Monday, June 30, 2014

Why a Good Marriage Will Break Your Heart

Loving is not for the weak. We encourage people to love and desire their partner, never realizing what we’re encouraging them to do. Desire involves wanting and longing. Who among us really wants to want? Who is ready to crave their partner, without the guarantee that the partner will always be there to satisfy their longings?

The reason there are so many mediocre marriages isn’t because so many people are pathological or have imaginary family “diseases”. It’s because the really good marriages will break your heart.

In a long-term marriage, one partner will bury the other. The more a person wants and loves a partner, the more painful it will be when he or she loses them. There are all too few people developed enough to stand by themselves, hold their own hand through the loss of a partner, and accept Life on its own terms. That’s why desire problems are so common. This situation also spells out its solution. It’s not negotiation. It’s not compromise. It’s not a sexual technique. It’s growing up to the point that you’re willing to tolerate the loss of a beloved irreplaceable partner.

There’s only one way to avoid that inevitable loss, and many people follow that strategy: Don’t love your partner too well, so that by the time they die, they won’t mean that much to you anymore.

Like many aspects of life, the choice is not whether or not you’re willing to be anxious. The choice is which anxiety you’re going to, and you’re going to have one of them, whether you like it or not. You can lose your partner a little everyday or all at once.
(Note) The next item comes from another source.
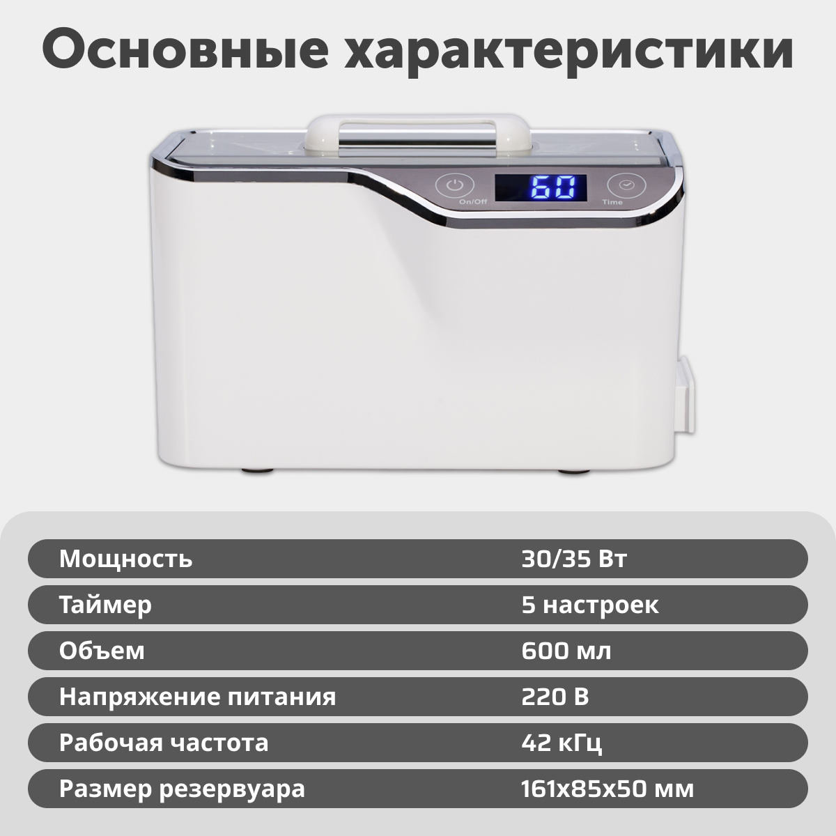 Ультразвуковая ванна Codyson CDS-100 с таймером, 0.6 л, 35 Вт, белая

Nobody ever gets to have a better partner than they’re willing to give up.
Willingly loving someone, knowingly setting yourself up for loss- that’s hard for people. It goes beyond resolving sex problems or personal insecurities. It’s an issue of integrity.
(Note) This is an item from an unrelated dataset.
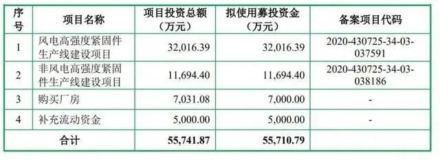 本次IPO,飛沃科技公開發(fā)行A股股票1347萬股,發(fā)行價(jià)格72.5元/股,募集資金總額約為9.77億元,擬用于風(fēng)電高強(qiáng)度緊固件生產(chǎn)線建設(shè)項(xiàng)目、非風(fēng)電高強(qiáng)度緊固件生產(chǎn)線建設(shè)項(xiàng)目、購買廠房、補(bǔ)充流動(dòng)資金等。

Marriage is a people growing machine.
It pulls and it pushes you. It stretches you to the point where you can embrace the processes of Life and love on their own terms. Like intense intimacy and eroticism, real love is not for kids. It’s not for “wounded children” who can’t soothe themselves. It’s for adults only. We may not like the process, but it makes us capable of profound adult desire. It’s not a quick process and it’s not as simple as improving sex. We need to have more respect for those brave souls willing to risk a successful marriage.